◆ Stored data:
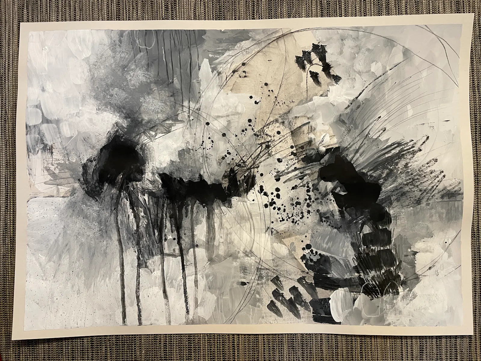 Jippie! Für mich gibt's ja zurzeit kaum etwas Beruhigenderes, als nur mit schwarzer und weißer Farbe und Stiften auf einem Blatt herumzumalen. Ich hab keine Ahnung, warum das gerade so ist. Farbe ist toll. Ich liebe Farbe, aber in der abstrakten Malerei, die ich gerade ausprobiere, überfordert die mich noch.
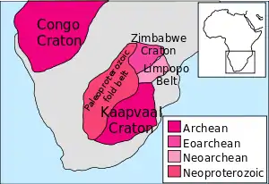 Кратон Зімбабве створено з двох невеликих блоків — Токве на півдні і набагато меншого сегменета Родездейл на півночі. Породи цих сегментів були датовані 3.46 млрд років[1] стабілізація обох сегментів відбулась близько 3,3 млрд років[3][4]
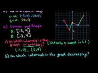 This video addresses a lot of different topics. Learn how to find the x and y intercepts. Determine on what intervals the graph is increasing, decreasing, o...
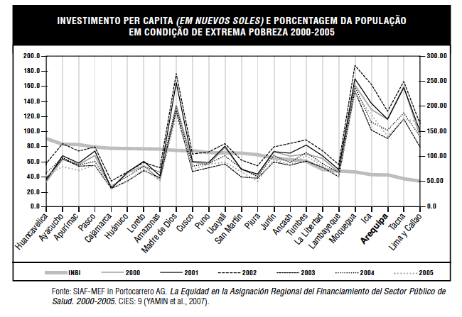 Da perspectiva dos direitos humanos, as informações mais valiosas referentes à alocação de recursos se referem à “identificação da parcela da população priorizada” o que, por sua vez, “nos permite averiguar se um governo cumpre seu compromisso de promover a não discriminação (IMMHR, 2010, p. 7). Por exemplo, o relatório que escrevi por encomenda da “Médicos pelos Direitos Humanos”, intitulado “Atrasos fatais: mortalidade materna no Peru”, mostrou que o governo do Peru alocava recursos insuficientes nas regiões mais carentes do país. Um exemplo disso é o Estado de Huacanvelica, onde mais de 90% da população vive em condições de extrema pobreza e que, apesar disso, recebia a mesma fração dos gastos federais com a saúde que outras regiões litorâneas mais urbanizadas e ricas.
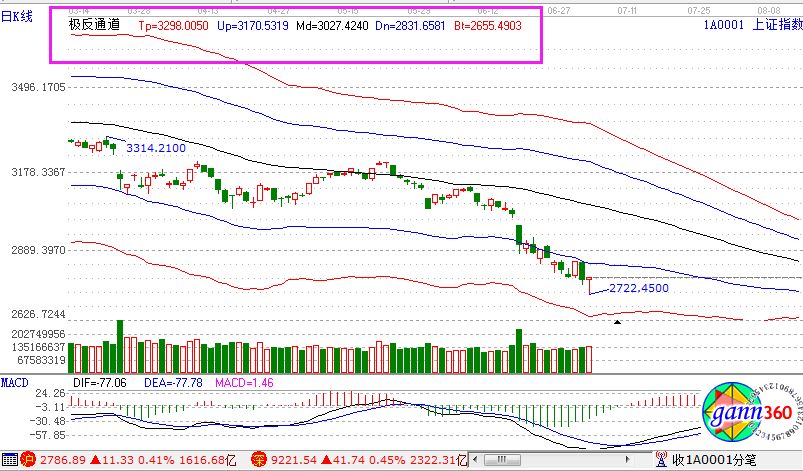 滬指漲0.41%,報(bào)2786.89點(diǎn);深成指漲0.45%,報(bào)9221.54點(diǎn);創(chuàng)業(yè)板指漲1.16%,報(bào)1607.12點(diǎn)。從盤面上看,軍工、國產(chǎn)軟件、集成電路、芯片、半導(dǎo)體、5G等板塊漲幅居前;白酒、機(jī)場(chǎng)航運(yùn)、超級(jí)品牌、飲料制造、汽車整車、黃金、豬肉等板塊跌幅居前。滬股通凈流入17億,深股通凈流出12億。相應(yīng)的極反通道指標(biāo)的支撐壓力提示,如下圖所示:
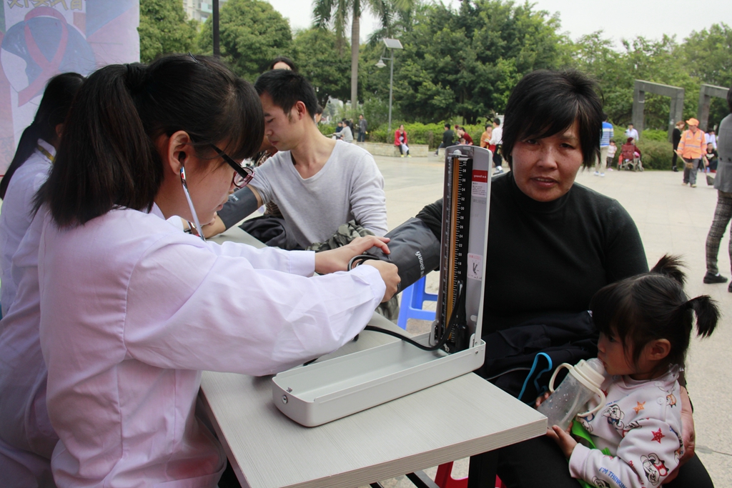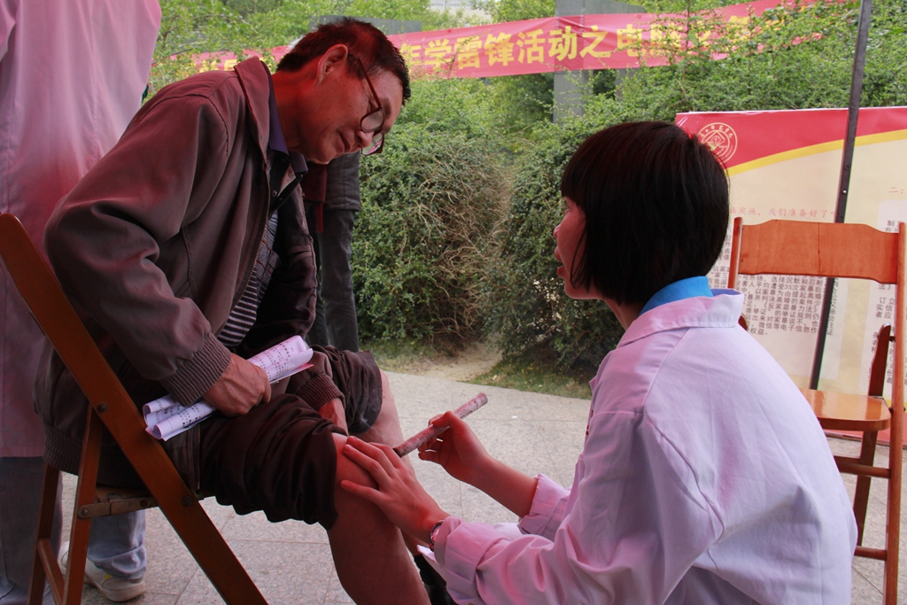在学雷锋活动启动仪式后,各校志愿者各司其职,迅速布置好活动场地。beat365老专家老教授义诊服务队的陈雪斌教授、陈延禧教授、刘钧超教授、周卓秀教授等专家开展义诊服务,beat365专家队教授凭借其精湛的技术、和蔼的态度、熟练的技艺,赢得了市民的信任与赞美。前来诊疗的市民络绎不绝。志愿者提供的志愿服务活动包括免费问诊、量血压、手法推拿、针灸治疗、艾灸保健、拔罐治疗、常用急救知识培训和防艾知识宣传等服务内容。志愿者们认真地为居民测量血压,并根据测量结果仔细地告诉他们饮食作息注意事项。手法按摩组的同学运用了按、摩、推、滚、揉等手法,为居民们疏通筋骨、缓解疲劳。进行针灸治疗和拔罐治疗的同学用娴熟的动作获得了居民们的信任与肯定。宣传防艾知识则是通过让居民填写防艾知识调查问卷的方式进行,志愿者们根据其填写情况,一一讲解相关知识,增加了居民们对艾滋病的了解。在接受我们的志愿服务后,居民们脸上都洋溢着愉悦舒畅的笑容。

◆ TASK REQUIREMENTS:
When you reach the line that contains "This video addresses", start reproducing, and continue word for word to the end of the records; skip all pictures.

◆ SOLUTION TO THIS TASK:
 This video addresses a lot of different topics. Learn how to find the x and y intercepts. Determine on what intervals the graph is increasing, decreasing, o...
 Da perspectiva dos direitos humanos, as informações mais valiosas referentes à alocação de recursos se referem à “identificação da parcela da população priorizada” o que, por sua vez, “nos permite averiguar se um governo cumpre seu compromisso de promover a não discriminação (IMMHR, 2010, p. 7). Por exemplo, o relatório que escrevi por encomenda da “Médicos pelos Direitos Humanos”, intitulado “Atrasos fatais: mortalidade materna no Peru”, mostrou que o governo do Peru alocava recursos insuficientes nas regiões mais carentes do país. Um exemplo disso é o Estado de Huacanvelica, onde mais de 90% da população vive em condições de extrema pobreza e que, apesar disso, recebia a mesma fração dos gastos federais com a saúde que outras regiões litorâneas mais urbanizadas e ricas.
 滬指漲0.41%,報(bào)2786.89點(diǎn);深成指漲0.45%,報(bào)9221.54點(diǎn);創(chuàng)業(yè)板指漲1.16%,報(bào)1607.12點(diǎn)。從盤面上看,軍工、國產(chǎn)軟件、集成電路、芯片、半導(dǎo)體、5G等板塊漲幅居前;白酒、機(jī)場(chǎng)航運(yùn)、超級(jí)品牌、飲料制造、汽車整車、黃金、豬肉等板塊跌幅居前。滬股通凈流入17億,深股通凈流出12億。相應(yīng)的極反通道指標(biāo)的支撐壓力提示,如下圖所示:
在学雷锋活动启动仪式后,各校志愿者各司其职,迅速布置好活动场地。beat365老专家老教授义诊服务队的陈雪斌教授、陈延禧教授、刘钧超教授、周卓秀教授等专家开展义诊服务,beat365专家队教授凭借其精湛的技术、和蔼的态度、熟练的技艺,赢得了市民的信任与赞美。前来诊疗的市民络绎不绝。志愿者提供的志愿服务活动包括免费问诊、量血压、手法推拿、针灸治疗、艾灸保健、拔罐治疗、常用急救知识培训和防艾知识宣传等服务内容。志愿者们认真地为居民测量血压,并根据测量结果仔细地告诉他们饮食作息注意事项。手法按摩组的同学运用了按、摩、推、滚、揉等手法,为居民们疏通筋骨、缓解疲劳。进行针灸治疗和拔罐治疗的同学用娴熟的动作获得了居民们的信任与肯定。宣传防艾知识则是通过让居民填写防艾知识调查问卷的方式进行,志愿者们根据其填写情况,一一讲解相关知识,增加了居民们对艾滋病的了解。在接受我们的志愿服务后,居民们脸上都洋溢着愉悦舒畅的笑容。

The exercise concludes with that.